The firm is also tapping private markets to access assets simply unavailable on listed exchanges. “If someone asks me for a good renewable company to invest in Australia, I have to point them to New Zealand,” Woods said. But in the private sphere, there’s more choice: repurposing and recycling businesses in Melbourne, battery manufacturing, and affordable housing assets with 10 to 15 per cent returns. “That sounds like growth to me,” he said. These assets not only enhance diversification, they also advance the firm’s ethical mandate — particularly where listed markets fall short.
Woods takes the climate financing challenge seriously — so seriously that it’s difficult not to be sobered by his numbers. “A few years ago, I saw a figure: $50 trillion needed by 2050. That scared me. Now McKinsey says it’s $150 trillion.” It’s a vast, almost inconceivable figure, equivalent to the entirety of global GDP, and yet, he points out, not without precedent. “In the Victorian era, Britain basically spent its GDP on railways. And that created massive growth.” The task ahead, he said, is to compound capital in a way that makes climate action self-funding. Stranded assets will sink the mission; profitable, growing assets can sustain it.

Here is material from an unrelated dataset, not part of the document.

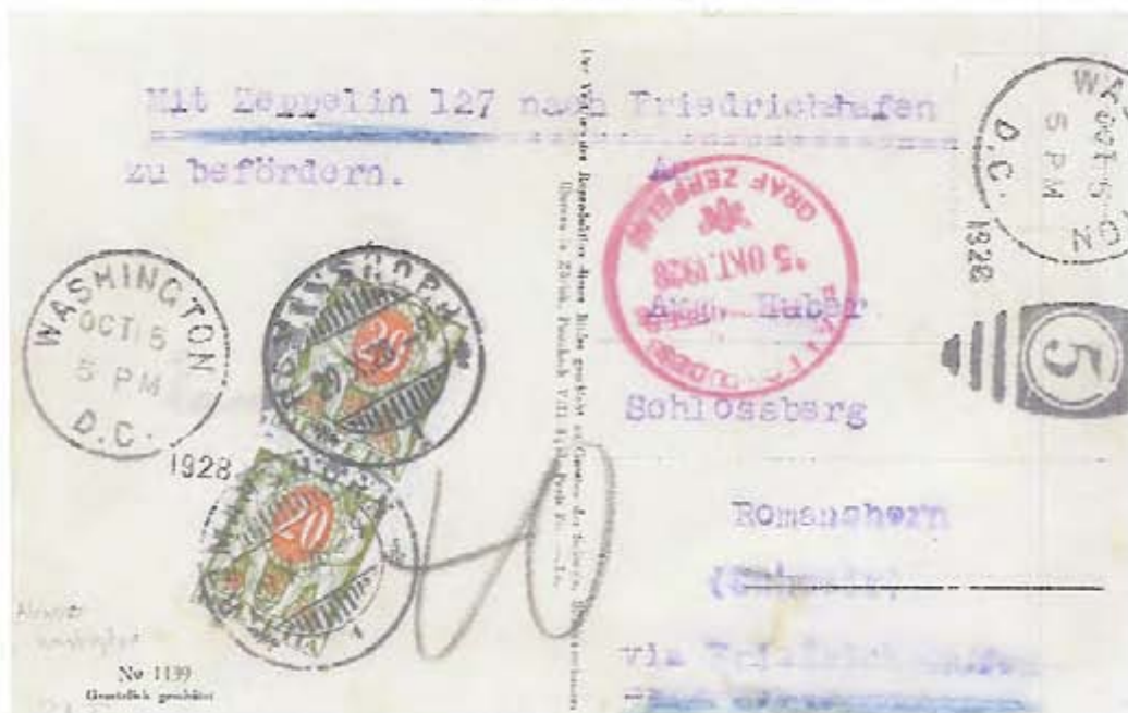
Postcard dropped over Washington, D.C., and then forwarded by regular means to Switzerland, where it was taxed postage due.

In October of 1928, less than a month after its first test flight, the German LZ127 Graf Zeppelin flew round trip from Friedrichshafen, Germany, to Lakehurst, New Jersey, to demonstrate the feasibility and practicality of commercial transatlantic service. The round trip not only set a distance record but it was the first transatlantic dirigible flight operated as a passenger carrier for profit, the first flight for which a government had issued official zeppelin stamps, and the first westbound flight over the Atlantic Ocean with a woman onboard, journalist Lady Drummond Hay. This dramatic flight received considerable press coverage during the harrowing time crew members repaired a damaged stabilizer fin while in flight.

Importantly, Woods also distanced true ethical investing from the recent wave of ESG-labelled products that rode a fad. Where some passive ESG funds simply reweighted existing indices, Woods insists on a research-driven process rooted in rigorous screening and stakeholder feedback. “What’s good and what’s bad isn’t always black and white,” he said. “Is this social media company acceptable? Is that EV manufacturer really ethical? We debate it all.” With six full-time ethical research staff and a 30-year track record, Australian Ethical’s process has been tested through both market and moral cycles.
All this contributes to what Woods sees as a style with durable merit — not just ethically, but financially. “We’re responsible investors first. But this is also a good way to invest,” he said. Responsible investing, by its nature, avoids sectors most exposed to volatility, regulation and obsolescence. It tends to favour high-quality, forward-looking companies with pricing power and margin durability. That makes it complementary in a broader portfolio — less correlated, more resilient — and particularly well-suited to environments like the one we face now.
Ultimately, Woods believes active management is the key to unlocking value in volatile periods. “I want more people making those hard decisions — should I deploy capital today, or wait for tomorrow?” he said. By trusting active managers who are closer to the assets, he gains conviction to deploy more capital, not less, during moments of uncertainty. That’s how Australian Ethical has weathered crises before, and it’s how he intends to navigate this one: with purpose, pragmatism, and a firm belief that values and returns can not only coexist, but thrive together.